Rainfall: Rainfall data from 1975–2021 at two stations in the city were obtained from the Civil Aviation Authority, Oman (http://met.gov.om, accessed on 30 December 2021). The data were used to create a thematic map using geostatistical inverse distance weighted (IDW) interpolation in ArcGIS Pro 2.9. According to the IDW results, the annual precipitation ranged from 68 mm–190 mm in the study area. Rainfall is a critical parameter in determining aflaj groundwater potential and significant hydrologic sources of groundwater storage. Rainfall is typically heavier in the upper part of the study area, decreasing in the south (Figure 2k). Based on standard classifications, slope/aspect was divided into nine groups, indicating eight directions and flat zones (Figure 2l). The SVM, XGB, RS-XGB, GS-XGB, and XGBO models were applied to all aflaj factors using a raster grid. Finally, all leading aflaj factors were converted to a raster grid with 5 × 5 m cells. The flowchart illustrates the steps of data analyses in the study area. The materials and methods are given in the flowchart of Figure 3.

2.3. Multicollinearity Analysis

Correlation analysis of multicollinearity variance inflation factors (VIF) was used to evaluate the impact of each variable on the accuracy of the final aflaj maps. VIF determines whether two or more variables tell the same story [36]. According to the theory, any variable with a value greater than 7.5 should be eliminated from consideration. Multicollinearity testing using VIF was performed on a pool of 13 conditioning factors chosen to match the conceptual model as the first step in the ML analysis. The VIF values should all be less than the ESRI-defined threshold of 7.5, indicating that these variables are not redundant.

2.4. Machine Learning Methods

2.4.1. Support Vector Machine (SVM)

The SVM method is a well-known ML algorithm based on the Vapnik concept (1995). This technique is applied to study and control complex engineering systems. In terms of the structural risk minimisation norm, it can detect any interconnection between input and output variables. Based on the training dataset, this method determines the most practical combination of conditioning factors and applies these criteria to the entire dataset to predict possible groundwater locations [37]. As a result, SVM is more advanced and has a more complex structure than other statistical methods. Furthermore, even with a small training dataset, SVM is efficient.

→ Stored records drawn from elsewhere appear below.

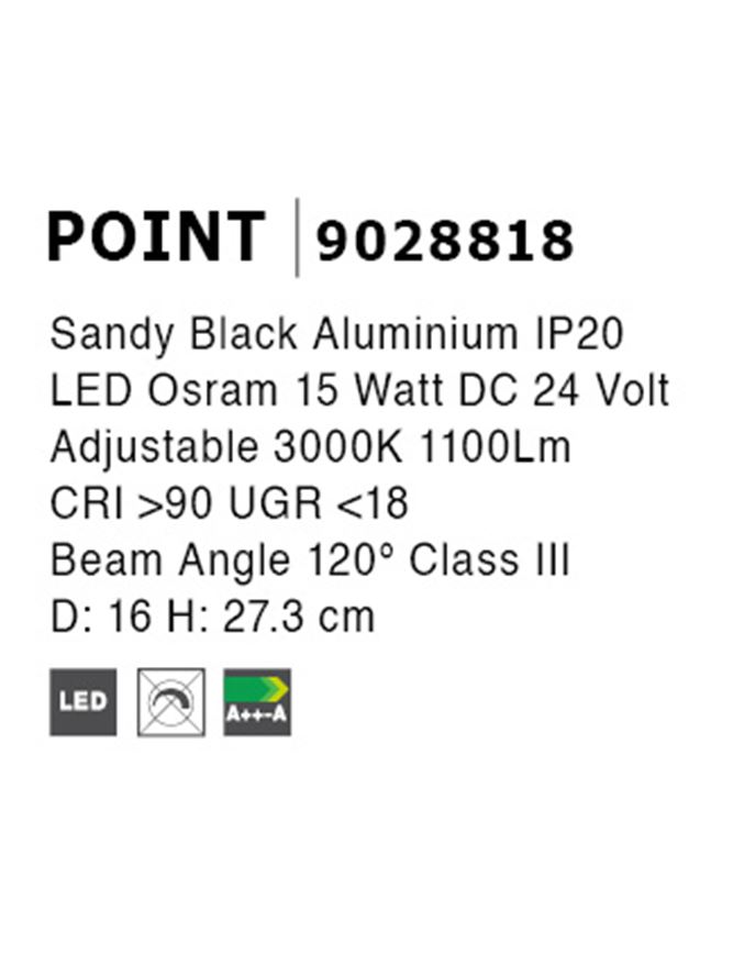 Sandy Black Aluminium 15W DC24V Osram D: 16 H: 27.3 1100Lm 3000K IP20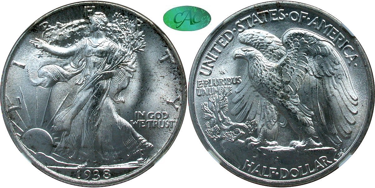 Gem $850 Gem Original, Cumberland County Collection.. This gorgeous 1938 half offers brilliant frosted luster and swirling cartwheels under a bright light. A fully struck specimen with deeply impress skirt lines, a high relief outreached hand and head that will please the most stringent strike fanatics. The pristine surfaces beg the question of why this "CCC" lot not certified to the next level. This is a compelling offering that warrants several bids to locate a suitable pricing level. CAC price guide is $685 at MS66 with an increase to $2250 in "7". Housed in new large font holder with CAC approval. PCGS #6604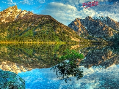 Puzzle Drzewa, Skały, Jezioro, Odbicie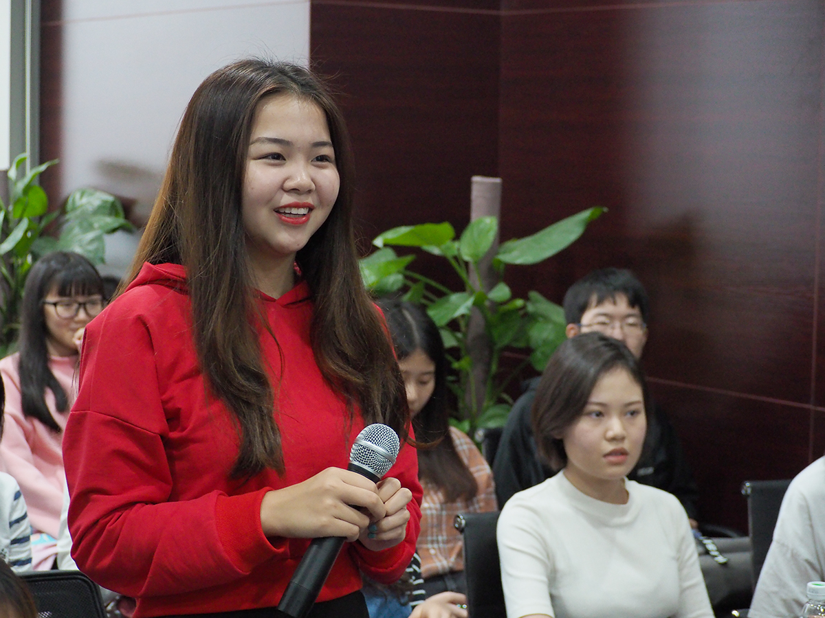 盈科律所安排与同学们交流的律师和广外法学院渊源颇深。翟律师以广外法学院大师姐的身份,向同学们传授了她有关职业准备的宝贵经验。她认为,在大学四年里,同学们要好好装备自己,重视学科学习,并努力学好优势科目——英语;她还鼓励我们尽可能地享受校园多彩的生活,做到全面发展;另外,她还建议同学们提前积累一定的职业素养、学习相关的礼仪、掌握基本技能。而风趣幽默的邓律师则从律师职业的自由度、成就感和自我满足感、努力程度与自身事业高度等方面与同学们分享经验;他还鼓励同学们要着重锻炼自己的口头和书面表达能力。在两位资深律师分享完以后,在盈科律所工作的另外两位同为广外毕业的青年律师也结合自身经验,在职业选择等方面给出了一些建议。其中一位师姐还向同学推荐了无讼、启信宝两个有利于同学们日后开展工作、学习的网站。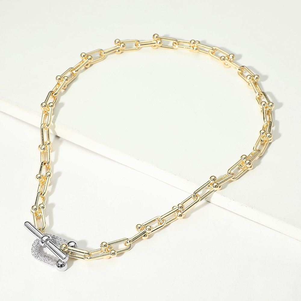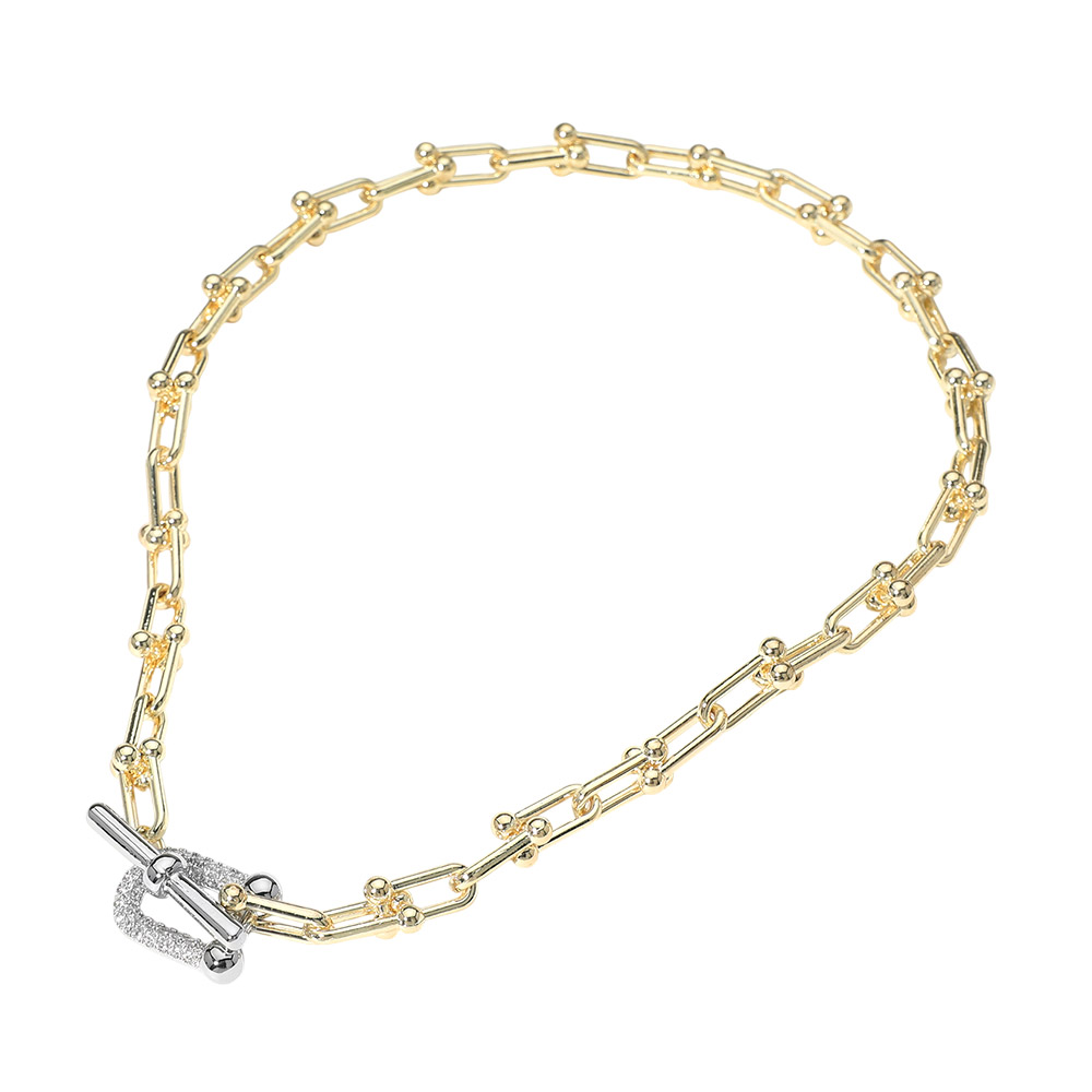 Details • Necklace Size : 17" L • Decor Size : 0.25" L • Toggle Closure • This beaded link toggle chain necklace features elongated links accented with subtle bead details and a refined front toggle closure. Designed for versatile styling, it elevates everyday looks and layered jewelry edits, making it a strong statement piece for modern wardrobes and curated boutique collections. • CZ Cubic Zirconia • Gold Dipped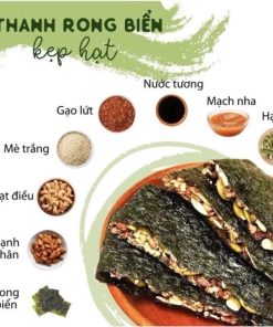 – Thanh rong biển kẹp hạt giòn tan là sản phẩm được làm từ các loại hạt như hạnh nhân, hạt điều, hạt bí xanh, hạt vừng trắng, đậu phộng, gạo lứt, mật ong, dầu dừa, rong biển và muối hồng. Sản phẩm có thời hạn sử dụng là 06 tháng và được sản xuất tại Việt Nam.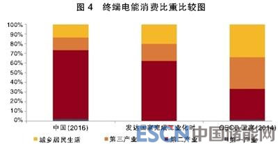有人認(rèn)為單位GDP能耗指標(biāo)方面我國(guó)與發(fā)達(dá)國(guó)家相比還有較大差距,但這種差距在能源電力生產(chǎn)領(lǐng)域以及鋼鐵、有色、建材等領(lǐng)域強(qiáng)度節(jié)能已經(jīng)幾無(wú)空間,降低這個(gè)復(fù)合性指標(biāo)的值,要在“分母”上下功夫,即在經(jīng)濟(jì)結(jié)構(gòu)上下功夫,而不是在分子上持續(xù)加大投入實(shí)施節(jié)能改造(見圖4)。
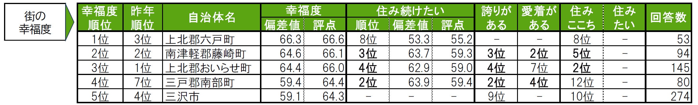 街の幸福度1位は上北郡六戸町。2位は2年連続で南津軽郡藤崎町。3位上北郡おいらせ町。

The classification hyperplane was constructed at the centre of the maximum separation between the two classes by the SVM. If the point is above the hyperplane, it is assigned a value of +1; otherwise, it is assigned a value of −1 [38]. Support vectors are the training points closest to the optimal hyperplane [39]. This process begins with the training data of instance-label pairs (x_i, y_i) with x_i ϵRⁿ, y_iϵ(1, −1) and i = 1, …, m. x is a vector of input space that comprises the slope, elevation, slope aspect, TWI, rainfall, geology, soil types, fault density, drainage density, plain curvature, profile curvature, distance to faults, and LULC. The two values’ classes (1, −1) donate aflaj pixels and non-aflaj pixels. SVM proposes optimal hyperplane separation from the training set into aflaj and non-aflaj 1, −1 data.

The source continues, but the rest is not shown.